This method serves as a single entry point for parsing and integrating GeoMx data. It orchestrates the following steps:

  1. Parses .dcc files to extract code summary and metadata.

  2. Parses .pkc files to retrieve probe information.

  3. Parses GEO SOFT metadata files for series and sample metadata.

  4. Combines all parsed data into a unified AnnData object.

Returns:

A unified AnnData object containing: - obs: Metadata about RTS_IDs (features). - var: Metadata about ROIs (regions of interest or samples). - X: Expression counts aligned by RTS_IDs and ROIs. - uns: Unstructured metadata for further analysis.

Return type:

AnnData

Raises:

ValueError – If any of the required files (dcc_files, pkc_file, or metadata_file) are invalid or not properly formatted.

Notes

This method leverages three internal parsing methods: - parse_dcc_files: Parses and validates .dcc files. - parse_pkc_file: Parses and validates .pkc files. - parse_metadata: Extracts metadata from GEO SOFT files.

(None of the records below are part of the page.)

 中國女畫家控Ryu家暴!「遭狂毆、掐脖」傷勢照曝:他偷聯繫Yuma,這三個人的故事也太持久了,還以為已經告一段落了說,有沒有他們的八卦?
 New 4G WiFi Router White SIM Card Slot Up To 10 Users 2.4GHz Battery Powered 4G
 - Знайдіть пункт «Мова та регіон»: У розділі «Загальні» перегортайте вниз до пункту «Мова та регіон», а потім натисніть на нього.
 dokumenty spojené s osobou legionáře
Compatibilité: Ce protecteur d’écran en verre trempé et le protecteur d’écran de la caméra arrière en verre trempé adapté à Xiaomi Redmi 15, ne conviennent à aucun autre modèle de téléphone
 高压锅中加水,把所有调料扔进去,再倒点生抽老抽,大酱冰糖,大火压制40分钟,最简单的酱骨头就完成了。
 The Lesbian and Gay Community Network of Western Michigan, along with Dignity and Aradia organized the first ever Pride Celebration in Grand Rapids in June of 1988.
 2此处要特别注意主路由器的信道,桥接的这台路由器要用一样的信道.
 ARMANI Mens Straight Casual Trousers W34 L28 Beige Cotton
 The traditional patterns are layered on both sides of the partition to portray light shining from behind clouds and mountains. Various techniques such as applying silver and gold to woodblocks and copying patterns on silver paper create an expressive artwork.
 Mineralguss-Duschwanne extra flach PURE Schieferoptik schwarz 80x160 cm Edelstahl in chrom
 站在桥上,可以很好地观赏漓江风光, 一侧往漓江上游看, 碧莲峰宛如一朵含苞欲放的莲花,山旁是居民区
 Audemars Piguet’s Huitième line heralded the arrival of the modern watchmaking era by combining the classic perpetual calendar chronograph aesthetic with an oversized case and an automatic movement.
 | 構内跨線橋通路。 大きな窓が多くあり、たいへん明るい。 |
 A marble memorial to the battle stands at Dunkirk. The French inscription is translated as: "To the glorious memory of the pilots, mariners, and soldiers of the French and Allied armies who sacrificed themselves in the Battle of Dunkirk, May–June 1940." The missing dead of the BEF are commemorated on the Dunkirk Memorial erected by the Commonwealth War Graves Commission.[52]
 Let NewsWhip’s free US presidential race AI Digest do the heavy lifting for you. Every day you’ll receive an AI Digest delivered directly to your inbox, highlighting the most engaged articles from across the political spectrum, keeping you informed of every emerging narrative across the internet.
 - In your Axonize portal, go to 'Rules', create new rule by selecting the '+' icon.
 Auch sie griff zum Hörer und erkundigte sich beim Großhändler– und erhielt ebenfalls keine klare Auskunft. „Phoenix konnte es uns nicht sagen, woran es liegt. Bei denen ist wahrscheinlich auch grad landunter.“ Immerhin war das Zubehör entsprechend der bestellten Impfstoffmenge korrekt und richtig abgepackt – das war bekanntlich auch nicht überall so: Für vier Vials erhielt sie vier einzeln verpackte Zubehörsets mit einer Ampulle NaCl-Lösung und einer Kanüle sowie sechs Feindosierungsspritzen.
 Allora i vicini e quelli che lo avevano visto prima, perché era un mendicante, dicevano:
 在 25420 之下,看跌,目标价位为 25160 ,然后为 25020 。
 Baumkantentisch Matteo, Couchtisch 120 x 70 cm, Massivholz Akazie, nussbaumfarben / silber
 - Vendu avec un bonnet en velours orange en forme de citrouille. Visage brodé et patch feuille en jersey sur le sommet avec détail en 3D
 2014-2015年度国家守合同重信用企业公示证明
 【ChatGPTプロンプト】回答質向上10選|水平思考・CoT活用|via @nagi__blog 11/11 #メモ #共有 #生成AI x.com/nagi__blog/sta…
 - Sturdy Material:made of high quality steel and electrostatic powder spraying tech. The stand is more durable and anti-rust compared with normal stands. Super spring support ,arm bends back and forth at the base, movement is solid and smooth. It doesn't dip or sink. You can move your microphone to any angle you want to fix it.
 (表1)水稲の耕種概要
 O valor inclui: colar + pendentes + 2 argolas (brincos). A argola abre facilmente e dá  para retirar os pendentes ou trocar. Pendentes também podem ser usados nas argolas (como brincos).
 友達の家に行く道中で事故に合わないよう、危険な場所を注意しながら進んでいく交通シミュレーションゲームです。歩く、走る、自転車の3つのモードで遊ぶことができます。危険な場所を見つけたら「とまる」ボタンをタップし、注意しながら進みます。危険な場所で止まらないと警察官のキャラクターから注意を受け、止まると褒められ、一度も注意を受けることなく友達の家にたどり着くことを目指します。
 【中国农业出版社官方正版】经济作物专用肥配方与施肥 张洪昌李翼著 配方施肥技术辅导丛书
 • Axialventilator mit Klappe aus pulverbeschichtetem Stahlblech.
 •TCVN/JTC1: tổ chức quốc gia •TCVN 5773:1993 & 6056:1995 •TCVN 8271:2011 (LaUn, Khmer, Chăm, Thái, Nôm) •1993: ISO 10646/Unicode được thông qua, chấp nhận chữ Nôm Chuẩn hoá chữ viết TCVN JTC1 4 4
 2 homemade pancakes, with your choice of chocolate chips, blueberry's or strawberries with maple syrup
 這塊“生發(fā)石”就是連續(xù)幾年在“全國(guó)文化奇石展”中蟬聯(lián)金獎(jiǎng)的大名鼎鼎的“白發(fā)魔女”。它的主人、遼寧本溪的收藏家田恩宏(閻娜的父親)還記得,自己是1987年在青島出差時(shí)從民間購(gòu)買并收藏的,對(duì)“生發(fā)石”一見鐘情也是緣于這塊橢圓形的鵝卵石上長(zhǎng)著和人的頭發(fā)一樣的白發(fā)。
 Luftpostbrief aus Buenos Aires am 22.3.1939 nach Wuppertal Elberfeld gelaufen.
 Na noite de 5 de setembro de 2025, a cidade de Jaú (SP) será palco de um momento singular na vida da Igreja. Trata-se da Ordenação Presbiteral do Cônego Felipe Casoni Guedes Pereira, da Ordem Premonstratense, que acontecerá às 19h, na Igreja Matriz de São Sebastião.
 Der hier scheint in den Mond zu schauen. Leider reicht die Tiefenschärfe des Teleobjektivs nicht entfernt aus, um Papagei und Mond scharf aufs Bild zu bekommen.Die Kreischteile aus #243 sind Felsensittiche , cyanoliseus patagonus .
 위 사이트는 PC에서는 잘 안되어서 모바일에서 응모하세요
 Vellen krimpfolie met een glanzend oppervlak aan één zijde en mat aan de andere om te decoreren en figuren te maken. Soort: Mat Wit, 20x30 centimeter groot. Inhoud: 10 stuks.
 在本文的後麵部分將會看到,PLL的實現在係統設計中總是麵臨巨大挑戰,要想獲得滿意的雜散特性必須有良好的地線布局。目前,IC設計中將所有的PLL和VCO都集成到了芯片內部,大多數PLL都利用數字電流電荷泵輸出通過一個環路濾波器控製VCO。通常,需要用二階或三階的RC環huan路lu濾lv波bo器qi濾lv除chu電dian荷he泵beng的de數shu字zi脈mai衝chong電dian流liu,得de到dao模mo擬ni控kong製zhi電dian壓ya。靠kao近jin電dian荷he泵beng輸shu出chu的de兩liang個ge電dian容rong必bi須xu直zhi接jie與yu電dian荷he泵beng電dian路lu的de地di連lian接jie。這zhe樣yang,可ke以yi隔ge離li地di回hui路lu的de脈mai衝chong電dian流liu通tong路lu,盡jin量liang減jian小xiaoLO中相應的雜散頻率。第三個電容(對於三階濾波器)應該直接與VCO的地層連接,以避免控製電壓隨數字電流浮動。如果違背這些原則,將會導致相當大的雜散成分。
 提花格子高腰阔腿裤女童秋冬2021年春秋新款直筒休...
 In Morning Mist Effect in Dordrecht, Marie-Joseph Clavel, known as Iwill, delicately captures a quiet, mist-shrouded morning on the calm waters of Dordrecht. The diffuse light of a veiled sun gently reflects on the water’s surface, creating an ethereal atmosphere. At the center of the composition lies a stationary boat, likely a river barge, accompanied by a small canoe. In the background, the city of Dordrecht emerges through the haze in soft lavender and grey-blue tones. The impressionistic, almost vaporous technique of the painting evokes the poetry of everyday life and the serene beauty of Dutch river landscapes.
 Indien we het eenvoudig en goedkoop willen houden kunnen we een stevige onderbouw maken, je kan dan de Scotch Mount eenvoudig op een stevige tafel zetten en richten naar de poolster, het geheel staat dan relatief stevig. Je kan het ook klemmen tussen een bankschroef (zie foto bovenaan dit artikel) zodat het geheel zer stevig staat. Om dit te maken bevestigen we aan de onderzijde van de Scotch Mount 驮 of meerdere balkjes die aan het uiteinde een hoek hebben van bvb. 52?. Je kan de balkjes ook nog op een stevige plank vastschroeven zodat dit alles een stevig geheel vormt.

The final AnnData object is created using GeoMxProcessor.create_single_anndata, which integrates all parsed data into a single, consistent format for downstream analysis.

Examples

Process GeoMx data and generate an AnnData object:

processor = GeoMxProcessor(
    dcc_files="path/to/dcc_directory",
    pkc_file="path/to/probes.pkc",
    metadata_file="path/to/metadata.txt"
)
adata = processor.process()
print(adata)
# Output: AnnData object with n_obs × n_vars = 100 × 10
static read_dcc_files(file_path)

Parses .dcc files into structured data.

Parameters:

file_path (str) – Path to the directory containing .dcc files to parse.

Returns:

Dictionary of dictionaries for sections of the .dcc file with keys: - “Header”: Metadata from the header section. - “Scan_Attributes”: Scan-specific metadata. - “NGS_Processing_Attributes”: Processing-specific metadata. - “Code_Summary”: DataFrame with RTS_IDs and counts.

Return type:

dict

Raises:
  • FileNotFoundError – If the specified .dcc files path is not found.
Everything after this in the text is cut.